This document describes how to deploy the RadSysX BiomedParse backend on a cloud VM with NVIDIA GPU.
- Framework: FastAPI (Python)
- GPU: NVIDIA CUDA runtime (Docker-based)
- Inference: BiomedParse v2 (3D-enabled) via
backend/server.pyandbackend/biomedparse_api.py - API base path:
/api/biomedparse/v1 - Static artifacts:
/files/*->backend/tmp/biomedparse
- A cloud VM with an NVIDIA GPU (e.g., 12 GB VRAM or more recommended).
- SSH access to the VM.
- Docker installed.
- NVIDIA Container Toolkit installed for GPU inside Docker.
- The BiomedParse 3D checkpoint file available on the VM (path used by
BP3D_CKPT).
References:
- NVIDIA Container Toolkit installation:
https://docs.nvidia.com/datacenter/cloud-native/container-toolkit/install-guide.html - Docker installation:
https://docs.docker.com/get-docker/
- SSH into your VM.
- Clone the repository:
git clone https://github.com/<your-org-or-user>/RadSysX.git
cd RadSysX- Place your 3D checkpoint on the VM and note the absolute path. For example:
mkdir -p /opt/weights
cp /path/to/biomedparse_3D_AllData_MultiView_edge.ckpt /opt/weights/- Build the GPU image:
docker build -t radsysx-backend:gpu -f backend/Dockerfile .- Start the container with GPU access (mapping weights into the container) and environment variables:
docker run --gpus all -p 8000:8000 \
-e BP3D_CKPT=/weights/biomedparse_3D_AllData_MultiView_edge.ckpt \
-e BP_TMP_TTL=7200 -e BP_TMP_SWEEP=1800 -e BP_VALIDATE_HEATMAP=1 \
-v /opt/weights:/weights \
radsysx-backend:gpu- Verify the service:
curl http://<VM_IP>:8000/api/biomedparse/v1/healthIf you see { "status": "healthy", "gpu_available": true }, the API is up with GPU.

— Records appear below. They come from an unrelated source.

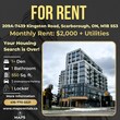 There is currently a 1 Bed 1 Bath Apartment for rent with 550 listed at 7439 Kingston Rd. It is Available January 1, 2026.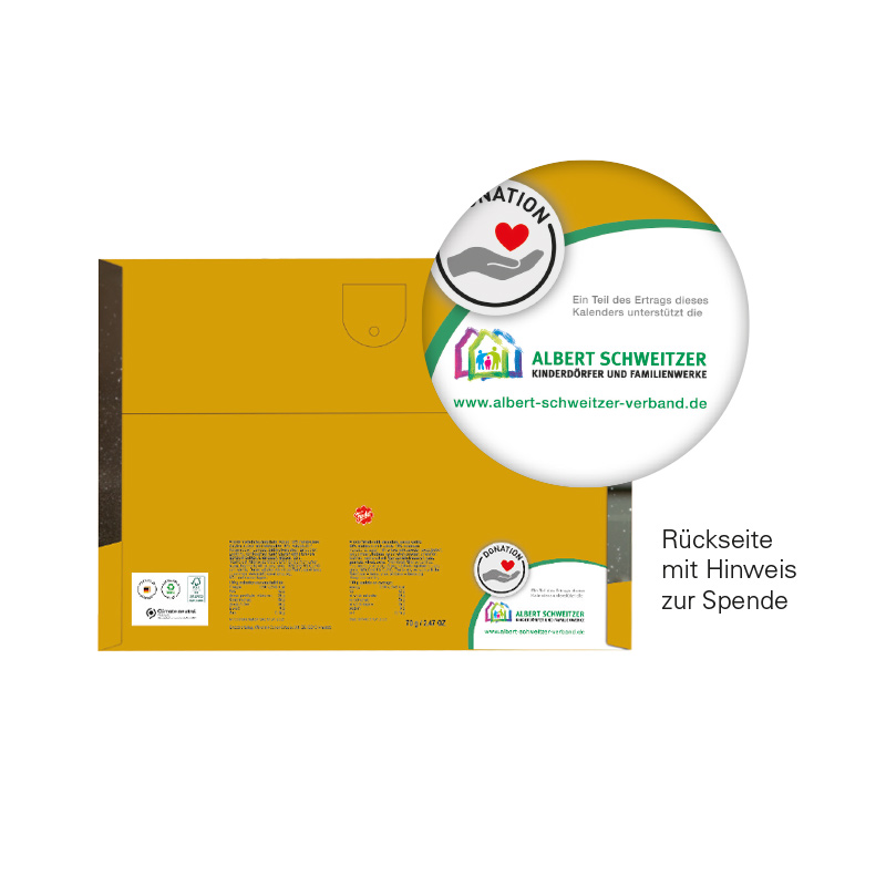 Wand Adventskalender in Kartonhülle aus Graspapier, in Querformat, recycelbar, individuell bedruckt. Ein Teil des Ertrags dieses Kalenders unterstützt die Albert Schweitzer Kinderdörfer und Familienwerke. Inhalt: 24 Friedel Vollmilch Schokoladentäfelchen. Saisonartikel - solange der Vorrat reicht!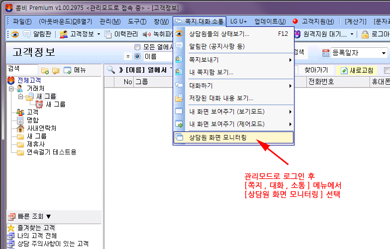 »ó´ã¿ø ȸéÀ» ¸ð´ÏÅ͸µ ¶Ç´Â Á¦¾îÇÏ·Á¸é "°ü¸®¸ðµå·Î ·Î±×ÀÎ" ÈÄ [ÂÊÁö.´ëÈ.¼ÒÅë] ¸Þ´º¿¡¼ [»ó´ã¿ø È¸é ¸ð´ÏÅ͸µ] ¸Þ´º¸¦ ¼±ÅÃÇÕ´Ï´Ù.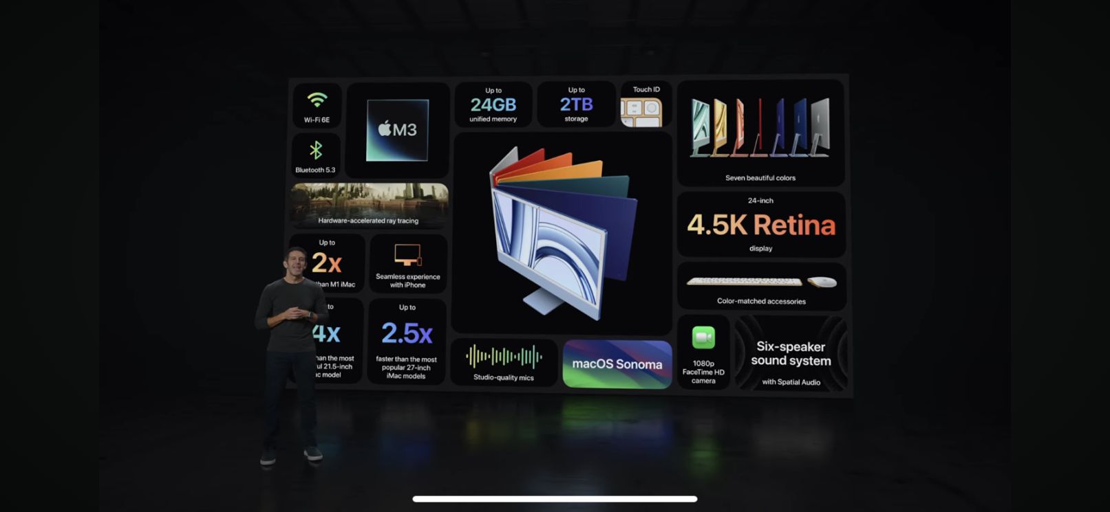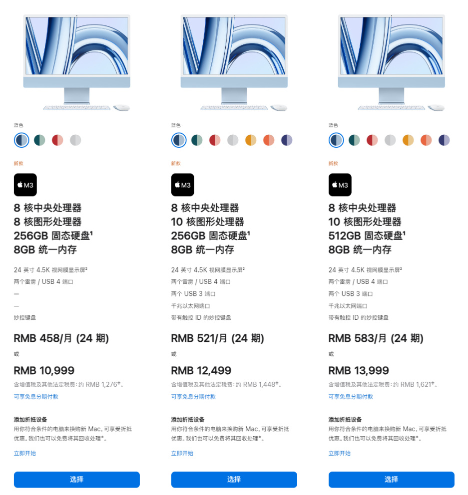 iMac系列產品全系標配M3,8G+256G起步價爲10999元,10999元系列產品無以太網端口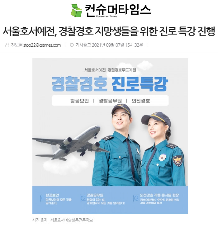 서울호서예술실용전문학교(이하 서울호서예전) 경찰경호계열에서는 경찰경호과 진학을 앞둔 학생들을 위한 진로 특강을 진행한다고 밝혔다.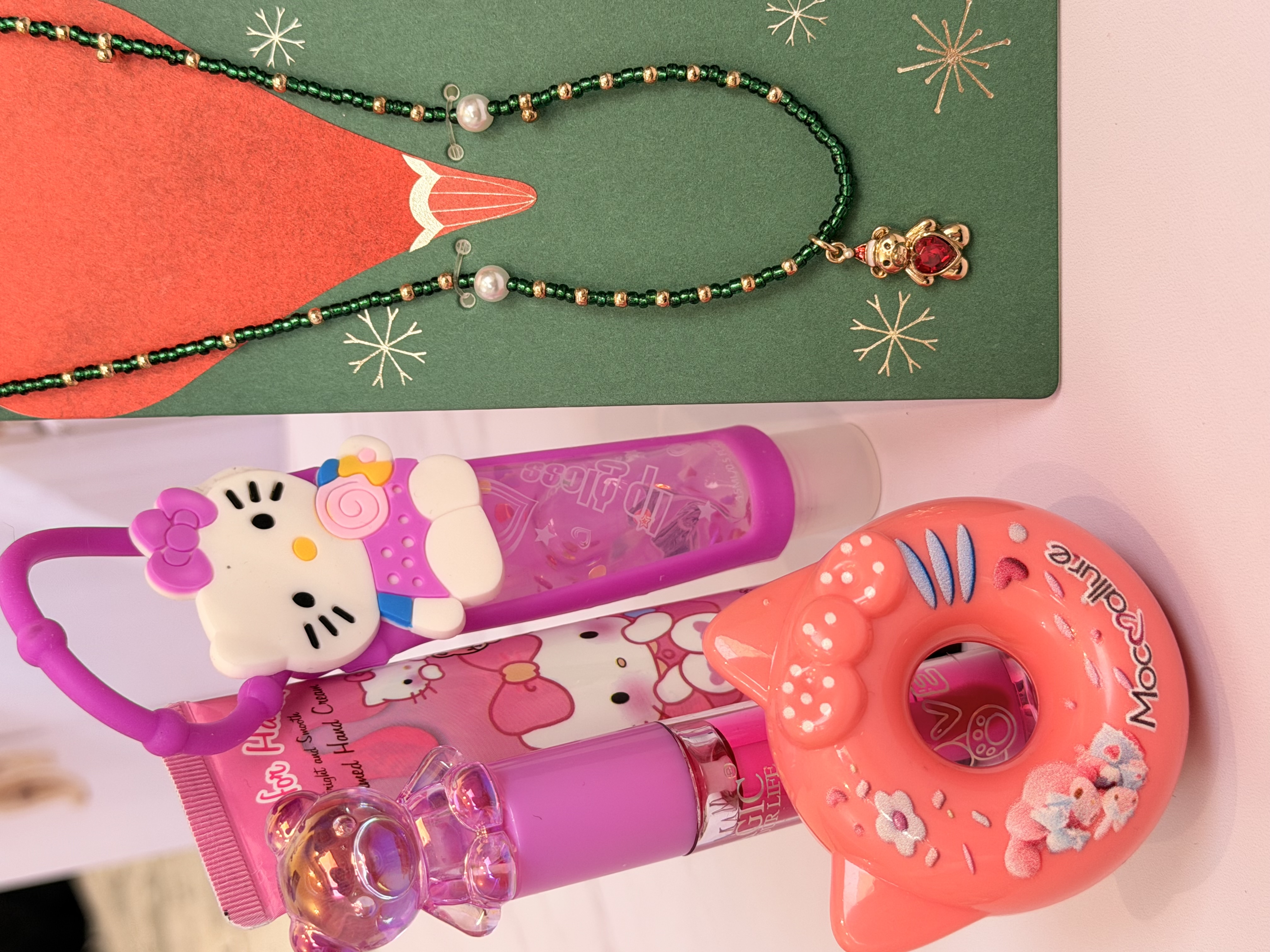 ست دخترانه فانتزی کامل | پک هدیه شامل برق لب خرسی و برق لب Hello Kitty + بالم لب دوناتی + گردنبند خرسی + کرم مرطوب کننده

- Open interactive docs in a browser:
http://<VM_IP>:8000/docs
- Health:
curl -s http://<VM_IP>:8000/api/biomedparse/v1/health | jq .- 2D predict example (PNG/JPG):
curl -s -X POST \
-F "file=@/path/to/example.png" \
-F "prompts=liver" \
"http://<VM_IP>:8000/api/biomedparse/v1/predict-2d?threshold=0.5&return_heatmap=true" | jq .- 3D predict (NIfTI):
curl -s -X POST \
-F "file=@/path/to/volume.nii.gz" \
-F "prompts=liver" \
"http://<VM_IP>:8000/api/biomedparse/v1/predict-3d-nifti?return_heatmap=true" | jq .- Fetch NPZ artifacts (for debugging):
curl -s "http://<VM_IP>:8000/api/biomedparse/v1/fetch-npz?name=seg_XXXX.npz&key=seg" | jq .

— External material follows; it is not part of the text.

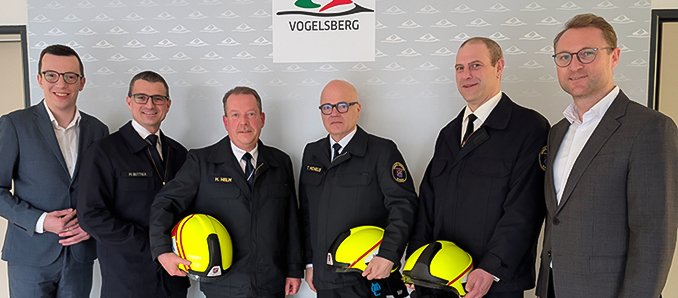 Landrat Dr. Jens Mischak (rechts) und der Erste Kreisbeigeordnete Patrick Krug (links) ernennen Kreisbrandmeister Hubert Helm (Dritter von links) zum stellvertretenden Kreisbrandinspektor sowie Tony Michelis (Dritter von rechts) und Mario Henning (Zweiter von rechts) für fünf weitere Jahre zu Kreisbrandmeistern. Auch Kreisbrandinspektor Marcell Büttner beglückwünscht die Feuerwehrexperten zur Ernennung.

curl -s "http://<VM_IP>:8000/api/biomedparse/v1/fetch-npz?name=prob_YYYY.npz&key=prob" | jq .Set these in your .env or pass with -e in docker run.
# Required: absolute path inside the CONTAINER to the 3D checkpoint
BP3D_CKPT=/weights/biomedparse_3D_AllData_MultiView_edge.ckpt
# Transient artifact TTL and sweep (seconds)
BP_TMP_TTL=7200
BP_TMP_SWEEP=1800
# Validate that heatmap NPZ contains key 'prob' as uint8 (1=on, 0=off)
BP_VALIDATE_HEATMAP=1
# Optional: force slice batch size; otherwise auto‑tuned by available VRAM
#BP_SLICE_BATCH_SIZE=4Notes:
- Temp files are saved under
backend/tmp/biomedparseand served via/files/*. - The cleanup daemon purges
.npzartifacts older thanBP_TMP_TTLeveryBP_TMP_SWEEPseconds. - When using Docker, prefer a plain
.envfile (not.env.local). Load it with--env-file .envor map individual variables with-eflags. - Ensure your cloud firewall/security groups open TCP port
8000to authorized client IPs only (and any other ports you expose). On the VM itself, allow the same in the OS firewall if enabled.

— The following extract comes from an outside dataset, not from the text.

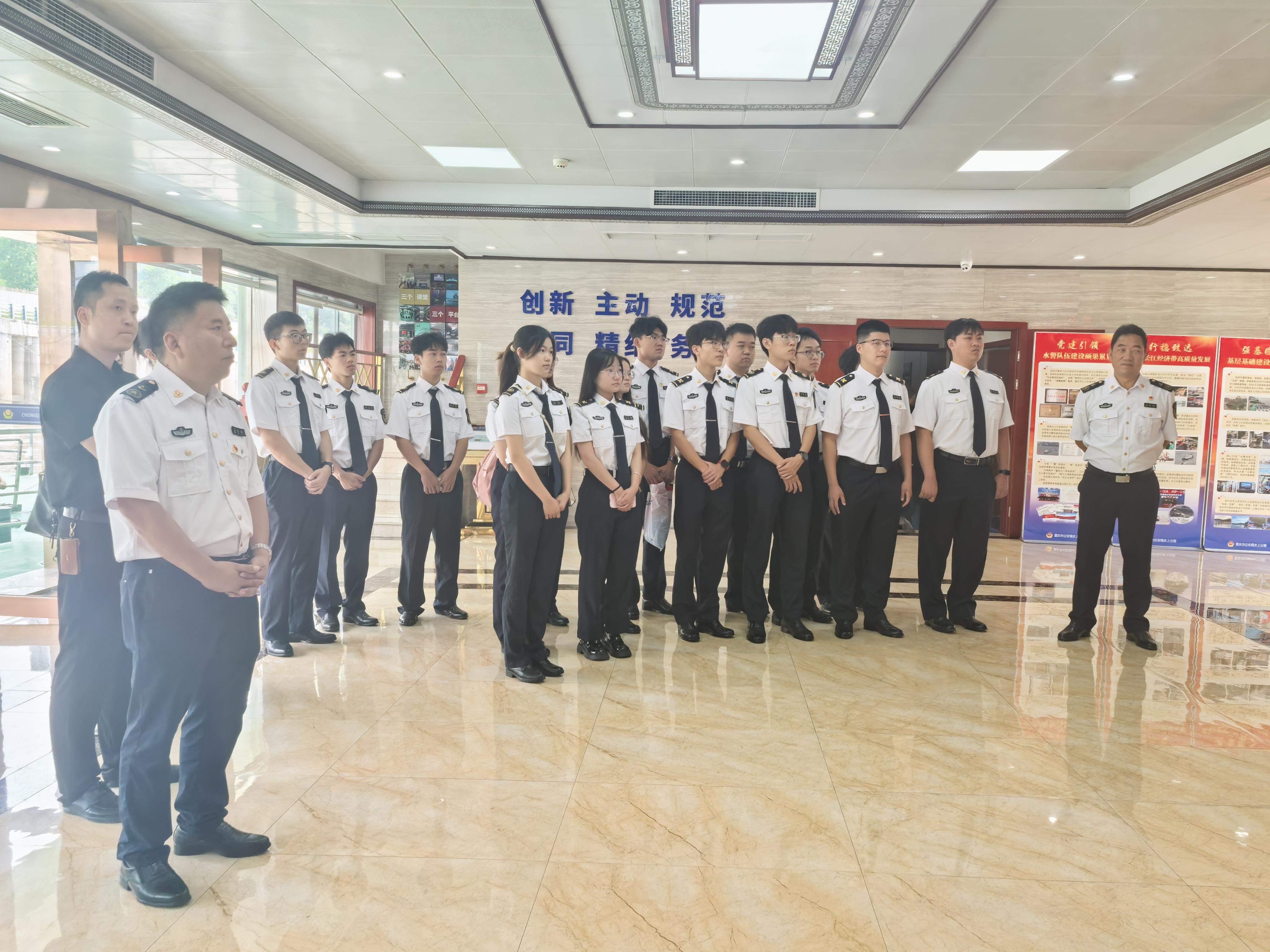2025年7月8日,2024级“郑和班”同学在公司党委书记周德贵、经理盛进路的带领下,走进重庆市公安局水上分局开展第三学期实践教学活动。此次活动以警务装备实操、水上救援设备研学、警务案例深度研讨为载体,推动航海安全理论与警务实践深度耦合,既为“郑和班” 学子打造了沉浸式职业启蒙课堂,更为公司第三学期 “产教融合、实战育人” 的改革探索增添了生动实践注脚。

- Install Python 3.10+, CUDA drivers, and a CUDA-enabled PyTorch.
- Install dependencies:
pip install fastapi uvicorn[standard] python-multipart pydantic numpy pillow nibabel pydicom hydra-core omegaconf python-dotenv
pip install torch torchvision --index-url https://download.pytorch.org/whl/cu121- Export environment variables (see the section above) and run the API:
uvicorn backend.server:app --host 0.0.0.0 --port 8000- Out-of-memory (OOM): lower
BP_SLICE_BATCH_SIZEor pass?slice_batch_size=...on 3D endpoints. - GPU not detected: verify
nvidia-smion the host and that the container runs with--gpus all. - Missing checkpoint: ensure
BP3D_CKPTpoints to a readable file inside the container (mount it with-v). - Heatmap NPZ validation errors: set
BP_VALIDATE_HEATMAP=1(default) and ensure the artifact containsprob(uint8). - CORS: the server currently allows all origins; restrict in production (edit
backend/server.py). - Security: only expose port 8000 to authorized IPs; consider a reverse proxy with auth for internet-facing deployments.